Norman Gray norman at astro.gla.ac.uk
Wed Mar 12 07:46:59 PDT 2014


Walter, hello.

On 2014 Mar 10, at 08:38, Walter Landry <wlandry at caltech.edu> wrote:

> Norman Gray <norman at astro.gla.ac.uk> wrote:
>>> VOTables support two kinds of characters: ASCII characters and
>>> Unicode codepoints.
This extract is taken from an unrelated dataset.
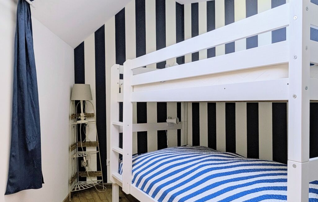 A l'étage, une seconde chambre avec rangements et aperçu mer.

Unicode is a way to represent characters that
>>> is an alternative to ASCII (though ASCII is a subset of the Unicode
>>> character repertoire).  XML files (and therefore any strings within
>>> such files) are defined in terms of a sequence of Unicode
>>> codepoints, and the Unicode definition can handle a large variety
>>> of international alphabets.
>>> 
>>> The ASCII characters 0x20 to 0x1f (inclusive) correspond exactly to
>>> the same-numbered Unicode codepoints.  Thus in the VOTable data
>>> model, the Unicode codepoints in this range may be regarded as
>>> being of type 'char' rather than their supertype 'unicodeChar'.
> 
> I am confused by what you are specifying.  It seems to allow
> unicodeChar's to be UCS-2, UTF-16, or UTF-32.  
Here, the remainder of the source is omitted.